Why The Colts Won't Go 19-0

Aside from the injuries and three (however winnable) road games left in this campaign, my favorite NFL team the Indianapolis Colts will not run the table and as sure as I am white they will not win the Super Bowl. I have put together four I feel solid points to back up this claim, each one more painful than the previous.


1. Jim Caldwell is a Tony Dungy desciple.

This means two things. Rest once the division is locked up (which could come as early as next Sunday against the resurgent Titans) and no chances taken with even the slightest injuries. Which means even if history is on the line, America is guaranteed at least four to six quarters over the final two weeks of Sorgi time. Peyton Manning is already taking practice time off and Joe Addai and Don Brown have been playing the ever fun game "Who's Going To Be More Injured This Week?" since the preseason. If Indy goes 13-3 it will be a Godsend and no not the Greg Kinnear/Robert Deniro/John Stamos' ex vehicle with dead child clones.

2. The San Diego Chargers are still around.

Never has a team flown up my old scale of hate like the San Diego Superchargers. From that diarrhea-of-the-mouth having Philip Rivers to the Hall Of Fame bound crybaby deluxe LaDanian Tomlinson to the fact that goddamn Billy Volek who I am pretty sure missed a couple of spots washing my Volvo the other day beating the Colts in the divisional round. I fear these twats more than New England at this juncture and hopefully Denver can right the ship and keep these clowns sitting at home come January.

3. There is no storyline for it.

Sometimes one can view the NFL like pro wrestling. If there is no compelling storyline for the two teams or wrestlers who really cares. There is always the old faithfuls such as the dynasty, the revenge game, etc. I see no such scenario coming up this season.

4. I feel positive about this team.

This is basically the kiss of death. Any time I feel positive about anything in my life you might as well take that feeling and flush it down the toilet. It may seem from this little rant that I have no positivity in my body. However I feel that this team is my best ticket to seeing a championship and that is why it is doomed to not happen.

Friday, November 27, 2009

Thanksgiving Day Football = Hole In The Head

I know it is tradition. I knew from where I live before I ever watched my first dreadful Turkey Day Lions blowout. Thanksgiving Day is supposed to be about family and football. Right now I could use a little less of both. This year's NFL (and high school, Westerly 30 Stonington 0 for the uninformed) football games were an absolute joke.

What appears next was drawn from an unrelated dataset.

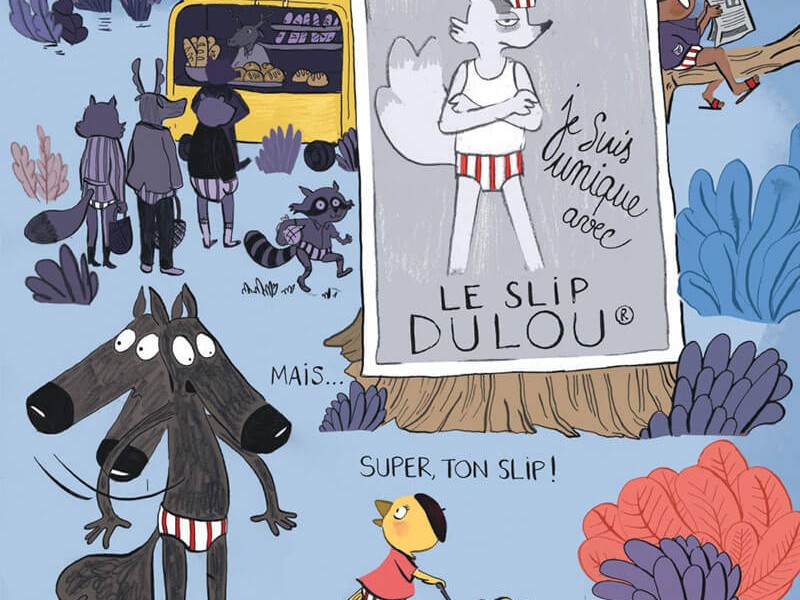 Après des petites vacances, le Loup apprécie de rentrer chez lui et de retrouver sa forêt. Mais... qui lui a piqué son slip ? Tout le monde, en réalité, peu ou prou, car la mode est au slip Dulou. Dépité, dépossédé d'une partie de son identité, le Loup va troquer son célèbre slip à rayures rouges contre un froc comme le montre la couverture. Sans trop dénuder, on peut dire qu'il est question dans cette histoire de publicité, de mode, de norme, de conformisme, d'avoir pour être, et donc de société de "cons-sommes-masses & scions" (la branche sur laquelle nous sommes), pardon de consommation. Mais le Loup sans slip n'a t-il pas perdu une part de lui même ? Et qu'est devenu ce légendaire slip ?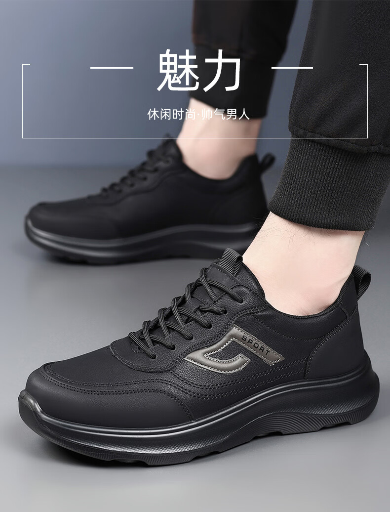 公爵斯顿 DUKESTON轻奢男鞋厚底休闲鞋商务通勤轻便百搭耐磨防水 黑色 41 标准皮鞋尺码

The Lions scored first in the 12:30 game against Green Bay then were subsequently outscored 34-5. Unless you had Aaron Rodgers or Donald Driver on your fantasy team even a Cheesehead couldn't have given a crap about this turd of a contest.

Next it was Oakland v. Dallas and boy was this one a barn burner. Jason Garrett seemingly still went with his ever clever strategy at throwing 25 times at one of the top 5 corners in the league. But when Tashard Choice and Felix Jones run for about 30 yards a carry and Jason Witten awoke from his season long coma, it helps. But still it was against Oakland, a team starting the one the only Bruce Gradkowski under center, at home. 24-7 was the score not the time frame for where the old hardcore title was defended.

Then came the main event so to speak, a battle of two seemingly event matched teams in the Broncos and the Giants. First things first let me just say that of all the leagues starting their own networks, the NFL's may be the worst when it comes to game production value. The announcing team sounds like they are working on a radio feed and I'd like to get through at least one set of replays without random splicing of an unknown cameraman's feet tangled in wires. But I digress, to the game itself. Yawn. If the people I were originally watching the game with weren't Giants fans getting irate after each successive missed tackle and blown coverage, I would have more than likely fell asleep. The Giants confuse me in so many ways and seem to invent new ways to be inept each week. Whether it be Brandon Jacobs trying to do his best Jamal Lewis impression by stutter stepping before running right into a crowd of six defenders and immediately falling down. Or fumbleitis running wild like Hulkamania. Don't get me wrong the Broncos are not the Raiders or the Lions but the Giants can't possibly be THIS bad. Hopefully the games this weekend make up for the sorry excuses for ones were this holiday. Stupid overeating I feel another dump coming on.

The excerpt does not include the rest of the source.